YOUR OBJECTIVE
Using the listing below, please print exactly the lines from the one with "Пример: 很好,谢谢 очень хорошо, спасибо" through the one with "龙脊梯田景区内居住着壮族、瑶". Leave out every picture.

GIVEN INFORMATION
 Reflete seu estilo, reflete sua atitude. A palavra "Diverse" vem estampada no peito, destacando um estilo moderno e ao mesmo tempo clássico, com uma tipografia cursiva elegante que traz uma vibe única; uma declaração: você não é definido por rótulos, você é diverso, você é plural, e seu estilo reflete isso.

...

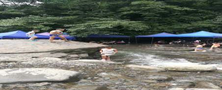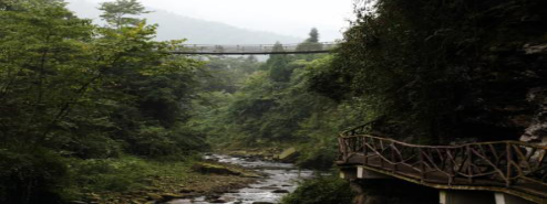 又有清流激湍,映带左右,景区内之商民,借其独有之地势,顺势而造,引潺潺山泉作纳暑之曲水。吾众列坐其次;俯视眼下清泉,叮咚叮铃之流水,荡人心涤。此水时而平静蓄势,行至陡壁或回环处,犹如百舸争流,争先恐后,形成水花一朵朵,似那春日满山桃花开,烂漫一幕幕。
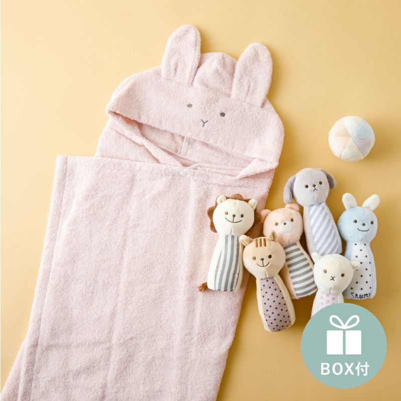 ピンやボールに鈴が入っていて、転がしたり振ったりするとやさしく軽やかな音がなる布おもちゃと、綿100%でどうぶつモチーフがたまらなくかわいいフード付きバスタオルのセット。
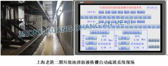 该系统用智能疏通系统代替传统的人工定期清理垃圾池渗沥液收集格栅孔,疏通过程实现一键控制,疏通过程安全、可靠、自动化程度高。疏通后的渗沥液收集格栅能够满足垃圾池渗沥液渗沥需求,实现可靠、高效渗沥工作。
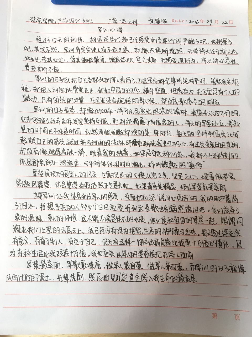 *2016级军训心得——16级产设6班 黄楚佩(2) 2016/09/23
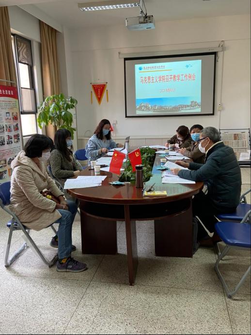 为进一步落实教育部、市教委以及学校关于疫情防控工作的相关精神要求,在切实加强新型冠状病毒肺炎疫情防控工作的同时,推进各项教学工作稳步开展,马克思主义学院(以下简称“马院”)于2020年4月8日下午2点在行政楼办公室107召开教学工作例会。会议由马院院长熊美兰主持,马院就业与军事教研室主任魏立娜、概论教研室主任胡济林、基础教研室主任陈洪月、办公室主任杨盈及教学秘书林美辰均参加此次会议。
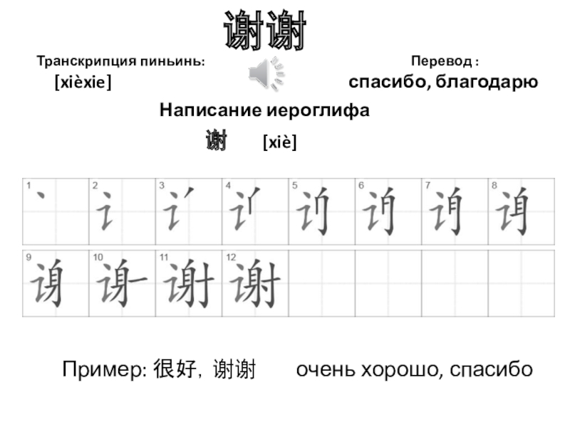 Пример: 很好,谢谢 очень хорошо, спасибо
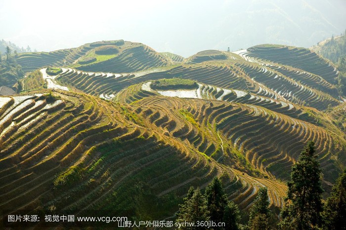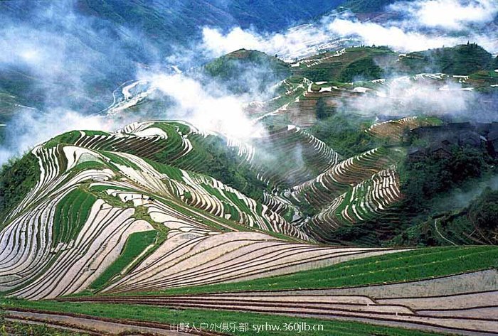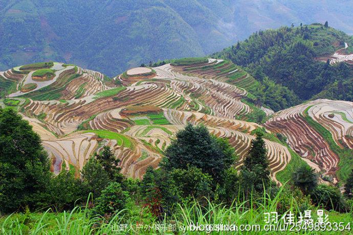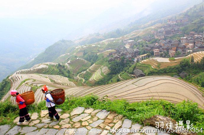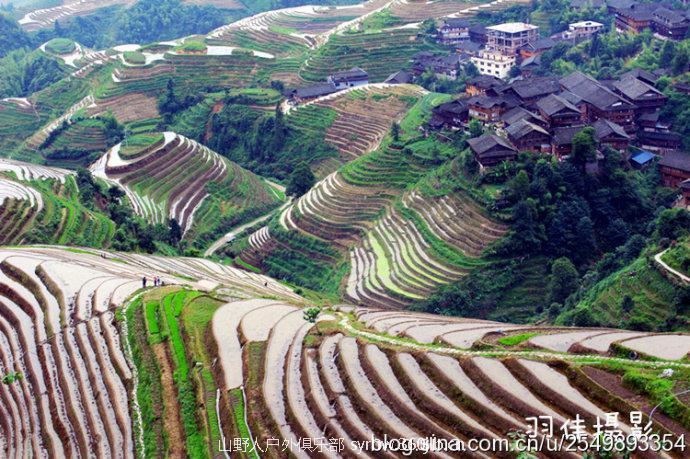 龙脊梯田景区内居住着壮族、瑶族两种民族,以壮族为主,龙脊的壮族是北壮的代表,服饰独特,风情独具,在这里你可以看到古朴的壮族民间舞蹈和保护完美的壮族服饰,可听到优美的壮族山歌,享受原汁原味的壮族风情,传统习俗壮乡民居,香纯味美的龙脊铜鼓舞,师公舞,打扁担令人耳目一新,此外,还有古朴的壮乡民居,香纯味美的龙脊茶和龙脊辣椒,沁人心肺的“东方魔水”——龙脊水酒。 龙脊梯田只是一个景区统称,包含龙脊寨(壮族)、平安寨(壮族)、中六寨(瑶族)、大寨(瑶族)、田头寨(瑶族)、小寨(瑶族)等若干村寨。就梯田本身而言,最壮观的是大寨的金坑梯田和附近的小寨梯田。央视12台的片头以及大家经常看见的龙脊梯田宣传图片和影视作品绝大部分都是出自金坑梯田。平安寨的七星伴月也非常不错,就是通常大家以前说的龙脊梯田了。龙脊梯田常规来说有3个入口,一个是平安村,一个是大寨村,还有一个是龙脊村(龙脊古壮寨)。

EXERCISE RESULT
 Пример: 很好,谢谢 очень хорошо, спасибо
 龙脊梯田景区内居住着壮族、瑶族两种民族,以壮族为主,龙脊的壮族是北壮的代表,服饰独特,风情独具,在这里你可以看到古朴的壮族民间舞蹈和保护完美的壮族服饰,可听到优美的壮族山歌,享受原汁原味的壮族风情,传统习俗壮乡民居,香纯味美的龙脊铜鼓舞,师公舞,打扁担令人耳目一新,此外,还有古朴的壮乡民居,香纯味美的龙脊茶和龙脊辣椒,沁人心肺的“东方魔水”——龙脊水酒。 龙脊梯田只是一个景区统称,包含龙脊寨(壮族)、平安寨(壮族)、中六寨(瑶族)、大寨(瑶族)、田头寨(瑶族)、小寨(瑶族)等若干村寨。就梯田本身而言,最壮观的是大寨的金坑梯田和附近的小寨梯田。央视12台的片头以及大家经常看见的龙脊梯田宣传图片和影视作品绝大部分都是出自金坑梯田。平安寨的七星伴月也非常不错,就是通常大家以前说的龙脊梯田了。龙脊梯田常规来说有3个入口,一个是平安村,一个是大寨村,还有一个是龙脊村(龙脊古壮寨)。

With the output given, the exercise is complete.